• **Task objective**
Dropping every picture, set down exactly the lines in the entries below, starting with the line with "Der praktische Lifttisch" and going on through the line with "在某十字路口五菱和宾利发生严".

• **Data**
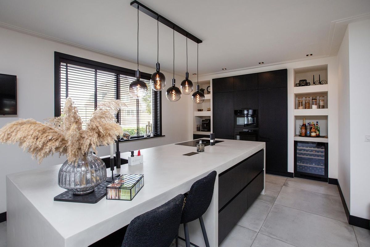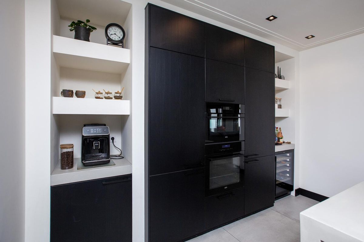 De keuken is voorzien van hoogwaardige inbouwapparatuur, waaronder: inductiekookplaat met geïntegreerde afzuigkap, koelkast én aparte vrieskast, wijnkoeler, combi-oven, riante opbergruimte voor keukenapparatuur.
--
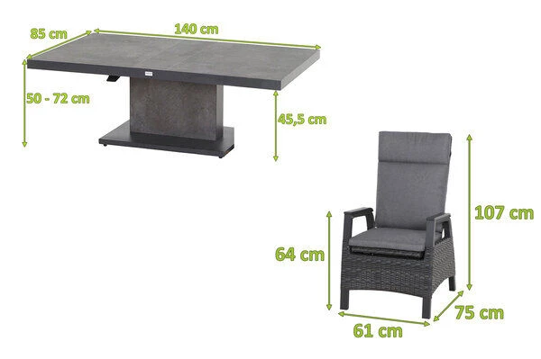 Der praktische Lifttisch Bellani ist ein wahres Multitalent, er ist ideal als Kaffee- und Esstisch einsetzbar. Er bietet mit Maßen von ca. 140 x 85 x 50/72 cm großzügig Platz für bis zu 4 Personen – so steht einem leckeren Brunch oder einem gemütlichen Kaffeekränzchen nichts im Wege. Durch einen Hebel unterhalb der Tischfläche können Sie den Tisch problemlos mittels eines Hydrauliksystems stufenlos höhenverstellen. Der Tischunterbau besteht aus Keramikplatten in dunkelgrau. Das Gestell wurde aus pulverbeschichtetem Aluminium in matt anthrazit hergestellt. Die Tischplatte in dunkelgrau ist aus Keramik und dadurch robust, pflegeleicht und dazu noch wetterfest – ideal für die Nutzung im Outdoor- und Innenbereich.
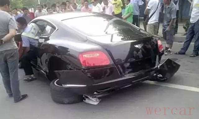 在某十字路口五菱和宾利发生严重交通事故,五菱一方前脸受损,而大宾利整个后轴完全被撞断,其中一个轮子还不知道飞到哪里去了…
---
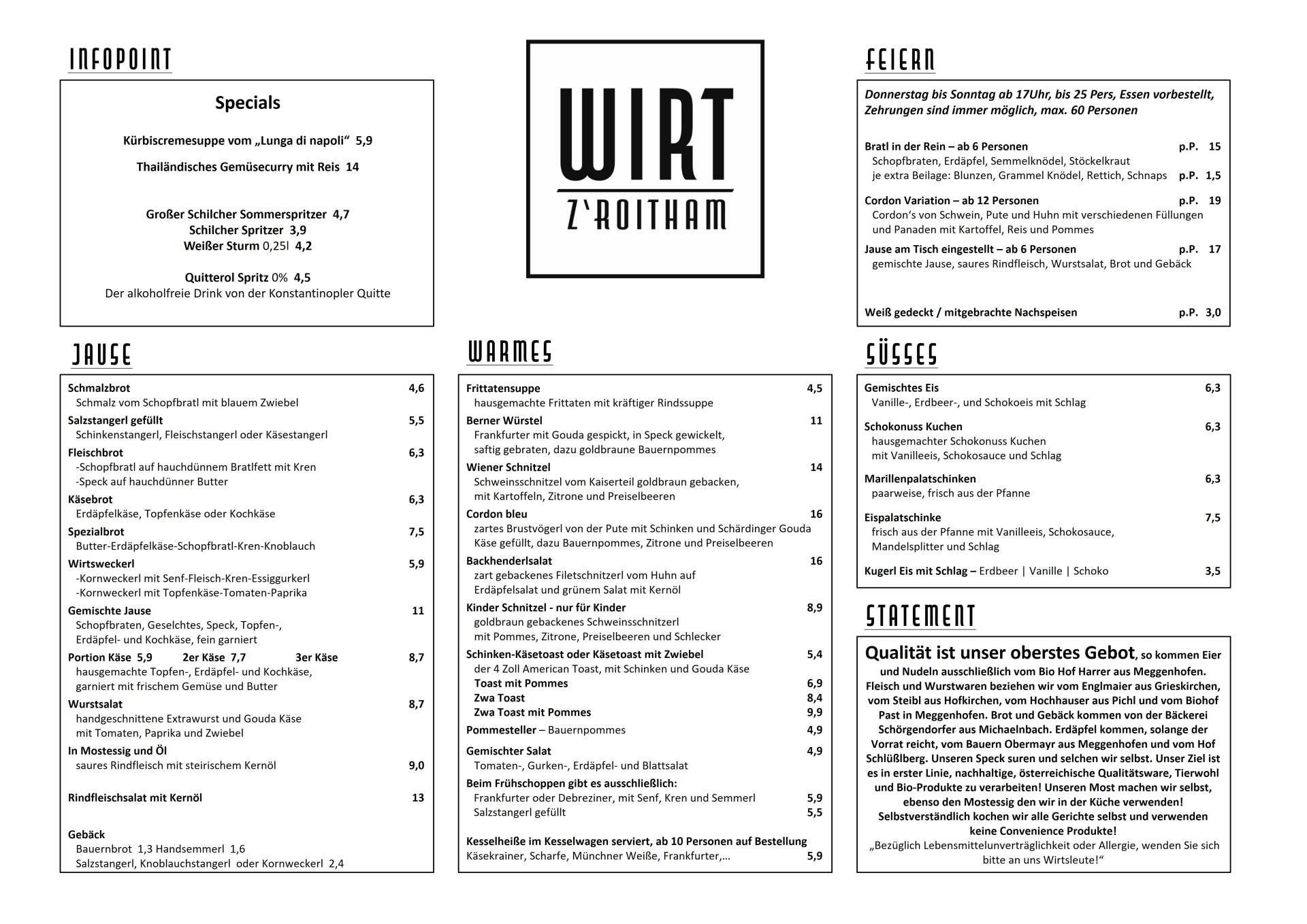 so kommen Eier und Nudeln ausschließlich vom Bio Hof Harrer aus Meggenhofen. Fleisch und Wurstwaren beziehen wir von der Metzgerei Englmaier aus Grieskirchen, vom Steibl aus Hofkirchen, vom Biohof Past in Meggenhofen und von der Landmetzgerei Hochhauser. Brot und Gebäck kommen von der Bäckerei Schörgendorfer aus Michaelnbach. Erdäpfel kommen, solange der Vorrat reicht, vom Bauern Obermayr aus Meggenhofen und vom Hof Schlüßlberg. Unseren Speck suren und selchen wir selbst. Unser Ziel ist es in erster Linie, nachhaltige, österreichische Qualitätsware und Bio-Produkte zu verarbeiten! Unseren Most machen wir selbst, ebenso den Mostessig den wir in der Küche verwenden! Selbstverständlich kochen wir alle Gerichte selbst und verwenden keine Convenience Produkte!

• **Task result**
 Der praktische Lifttisch Bellani ist ein wahres Multitalent, er ist ideal als Kaffee- und Esstisch einsetzbar. Er bietet mit Maßen von ca. 140 x 85 x 50/72 cm großzügig Platz für bis zu 4 Personen – so steht einem leckeren Brunch oder einem gemütlichen Kaffeekränzchen nichts im Wege. Durch einen Hebel unterhalb der Tischfläche können Sie den Tisch problemlos mittels eines Hydrauliksystems stufenlos höhenverstellen. Der Tischunterbau besteht aus Keramikplatten in dunkelgrau. Das Gestell wurde aus pulverbeschichtetem Aluminium in matt anthrazit hergestellt. Die Tischplatte in dunkelgrau ist aus Keramik und dadurch robust, pflegeleicht und dazu noch wetterfest – ideal für die Nutzung im Outdoor- und Innenbereich.
 在某十字路口五菱和宾利发生严重交通事故,五菱一方前脸受损,而大宾利整个后轴完全被撞断,其中一个轮子还不知道飞到哪里去了…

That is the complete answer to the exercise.